Lee DeWilde grew up outside of Huslia in the 1960’s, when it was a 160-person village in Interior Alaska. He remembers that his father, Lloyd DeWilde, faced some mental health struggles growing up. But despite those struggles, Lloyd later became a resource for his village. As part of a community reporting project focused on health and wellness in rural Alaska, Alaska Public Media’s Rachel Cassandra talked with Lee as they sat down for tea in the cabin he built in Huslia.
Lee DeWilde: I was born on the Yukon between Ruby and Galena on a homestead, the, let me see, one…two…three... the fifth child. They had six kids. They had a dog team. They had a two acre garden. My dad was a real hard worker and he sold vegetables to Ruby and Galena– cabbages, rutabaga, turnips, carrots, cauliflower. They moved up river, up the Huslia river. Then that spring, he started building a cabin, a second cabin, a little bit upriver from where our tent was.
I was three years old. And I remember he put me in a backpack and then he had my younger sister under his arm. And then all my brothers and sisters were running through the trees. They were excited. About eight or nine dogs, big dogs, were running with them. Everybody's excited to be going someplace new. And we moved there and they put the tent up under a big tree, a spruce tree. And my dad built that cabin that summer. It was a bigger cabin, 20 by 20
So, that's where we grew up. That was home camp. And then I think it was two years later, he built another, a six sided cabin, and we moved there. And we starved that winter. We starved. Nobody died. But we got pretty hungry. He was hunting. But when you have seven kids, and you're with dogs and you’re in lean country- That's way up river. They're isn’t much game, and the snow is deep. I think he just wasn't in a good state of mind. And he wasn't making good decisions. He wasn't thinking right.
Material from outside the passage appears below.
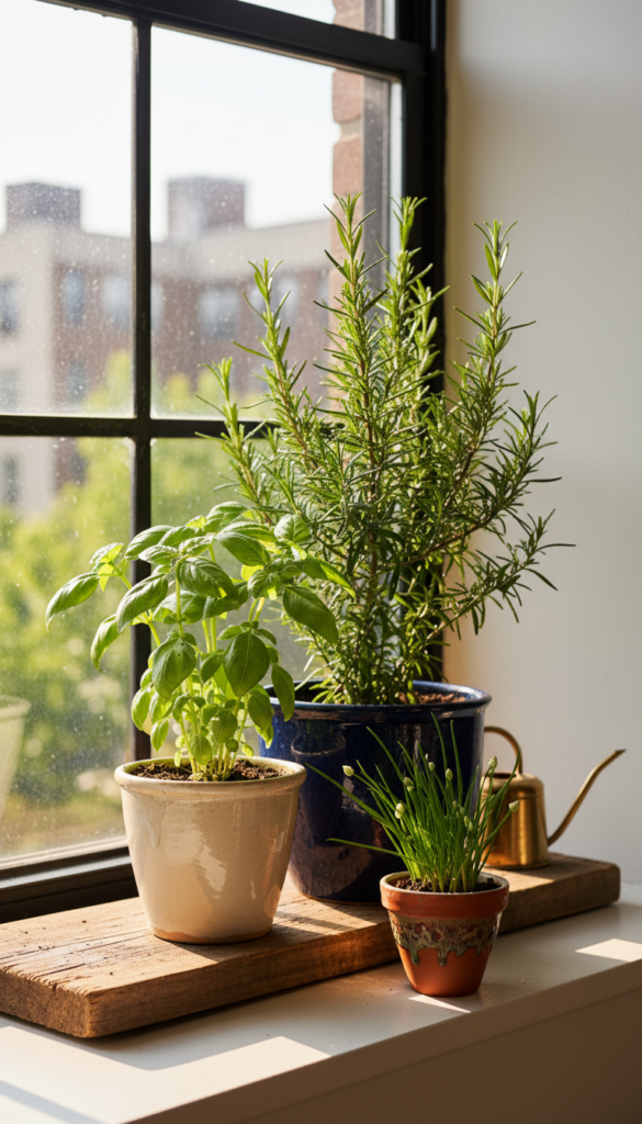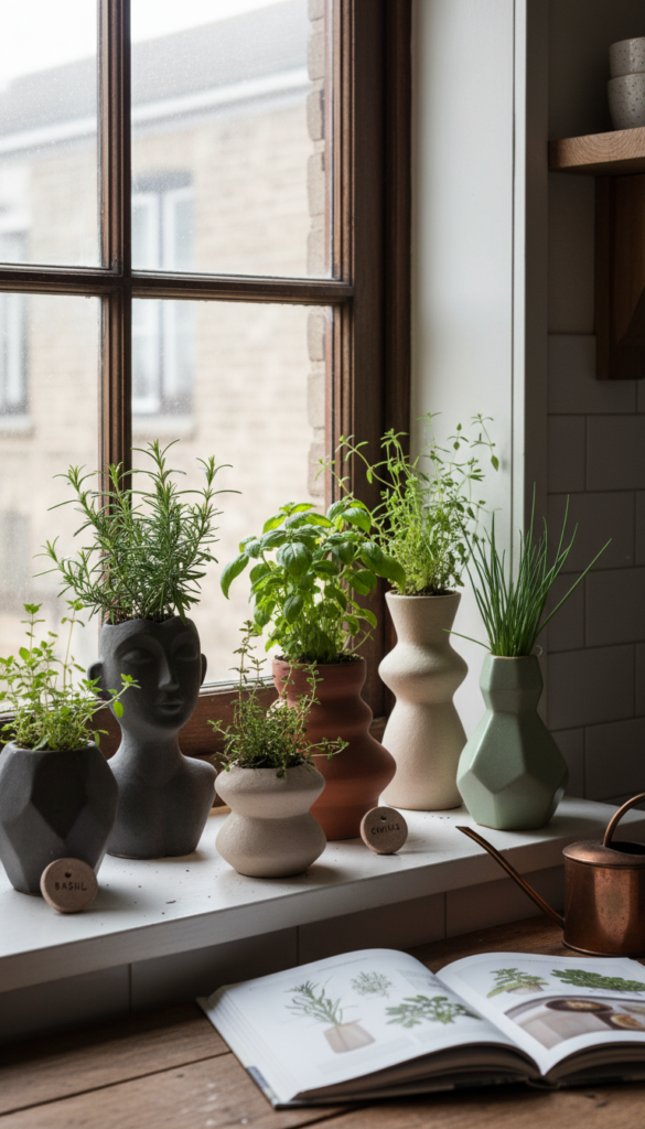 Choose small, sculptural pots instead of bulky planters. Think matte cream, speckled clay, or dusty sage ceramic with soft curves. Line up 3–5 petite herbs, or cluster them at one side of the sill so the rest stays visually light.

That was when they just got snow machines
There was some hard stuff that happened. My dad came to town and scared some people.
Rachel Cassandra: But he came out of it.
LD: He came out of it. Yeah, he came out of it. He actually went to a mental institution. This was his, I think, third and last nervous breakdown. And he would talk about it. And then he came out and had more kids. And we stayed out. You know, he stayed out till he could stay out anymore.
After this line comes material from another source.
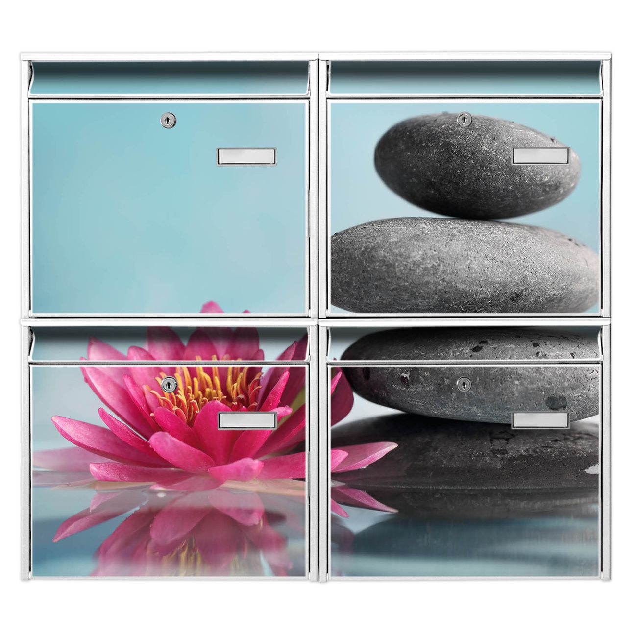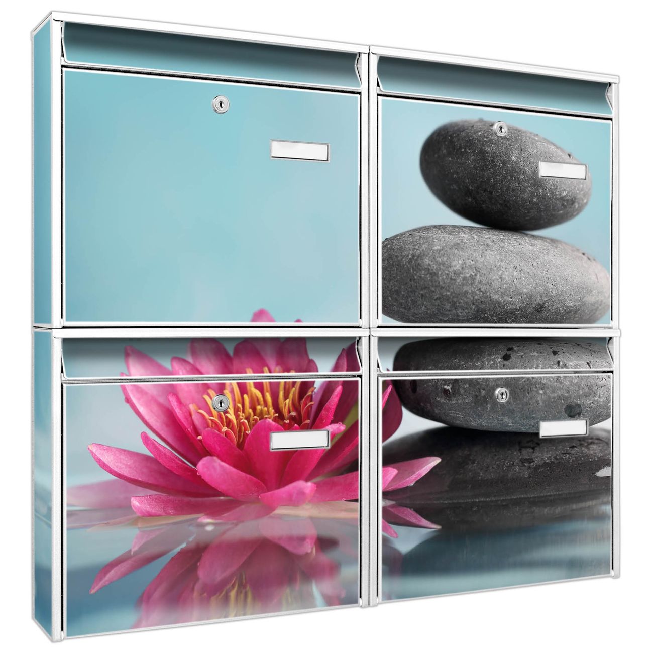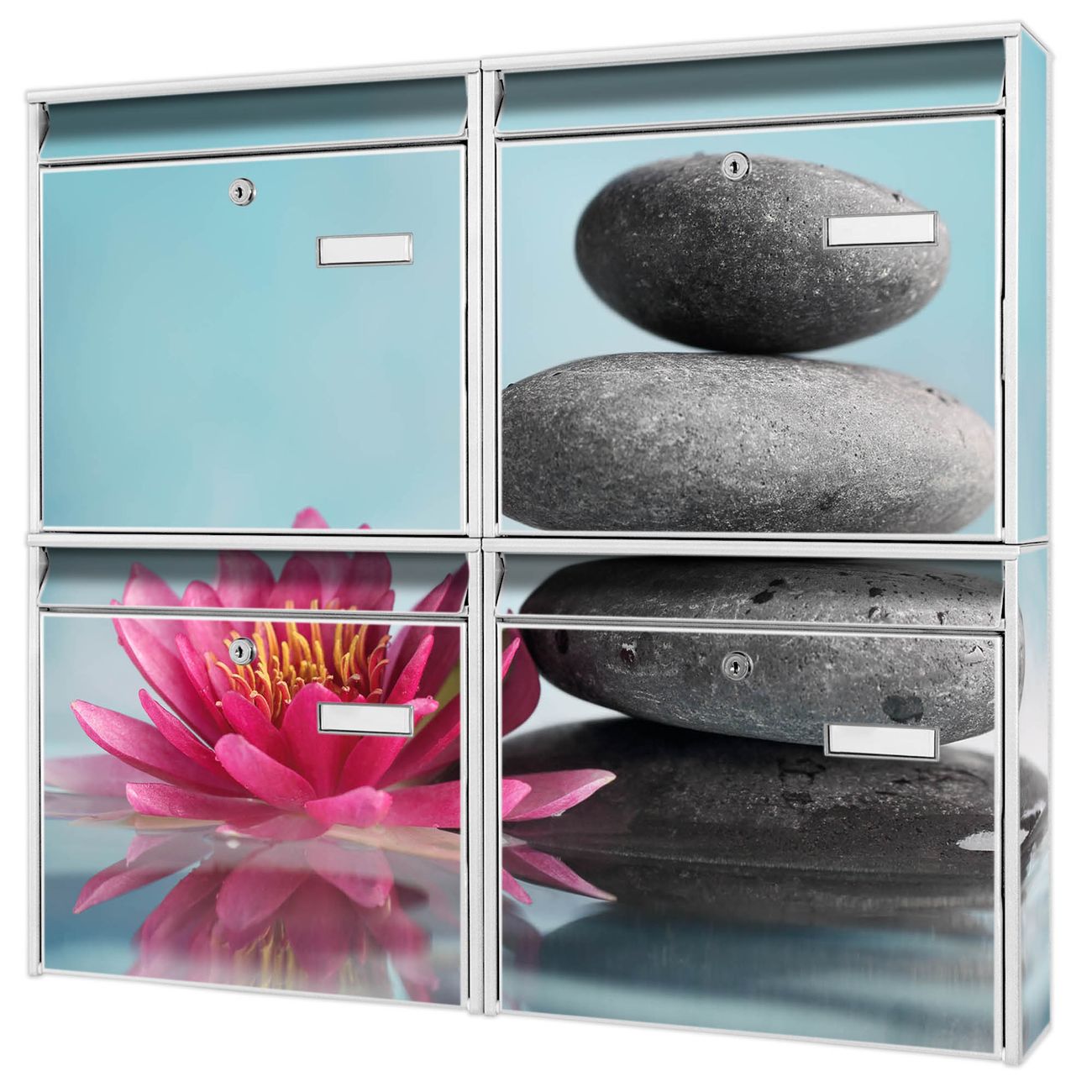 FUNKTION: Die Burg-Wächter Briefkastenanlage mit Motiv Lotus Und Steine bietet Ihnen ausreichend Fassungsvermögen um auch A4 und C4 Sendungen zu empfangen. Das integrierte Namensschild lässt sich individuell beschriften. Wählen Sie aus den Grundfarben weiß, silber und schwarz. DESIGN: Die 4 Briefkästen haben ein ansprechendes und zeitloses Design, ohne dabei auf Funktionalität zu verzichten. Das Material ist sehr stabil, wetterfest und rostfrei. Durch das Motiv Lotus Und Steine werden die Postkästen zu einem Blickfang. DETAILS: Die Postkästen bestehen aus verzinktem Stahl der zusätzlich mit Klarlack versiegelt wurde. Die Kästen sind gesamt 64,5cm hoch, 72,5cm breit und 10cm tief. Das Motiv besteht aus einer wetter- und UV-festen Folie, die Ihren Briefkasten zusätzlich vor Kratzern schützt. Die Postkästen werden mit Montagematerial, je einem Namensschild und je zwei Schlüsseln geliefert. NUTZEN: Das Briefkastenset eignet sich für die Wandmontage, die Größe bietet genügend Platz für Sendungen aller Art. Das zeitlose Design sowie die stabile Bauart bieten Ihnen einen treuen Begleiter für Ihre Post. BANJADO:

So that's a success story, I guess. Because you don't see very many people go through something like that and lead a normal and actually a pretty amazing life, a life that was well-respected. People respected his judgment. They would ask
I don't know how he did it. He might have suffered a little bit from depression, but he handled it. My mom helped out. It would have been very easy for him to go the other solution, the more permanent one. He thought of that. But he didn't do that. He just toughed it out I guess, for whatever reason.
RC: Yeah, but that kind of sensitivity also does help with him being able to relate to people who are having a hard time.
LD: Yeah, I remember people would come up here. I remember a guy lost his baby and he came up there and he talked to my dad and it really helped him out. Just stuff like that. They came up and visited him and just talked to him. I remember one guy came up and he had just gotten married and he had a little baby and he would go out hunting all the time. But, for some reason, he found it really hard to leave his little baby. And he came up and he talked to my dad about that and, the guy came away, I guess he felt better talking about it. Another person came up- it's like they had waited till my dad got to Huslia to go up there and just sit down and just talk. Good advice or something, that was good to see.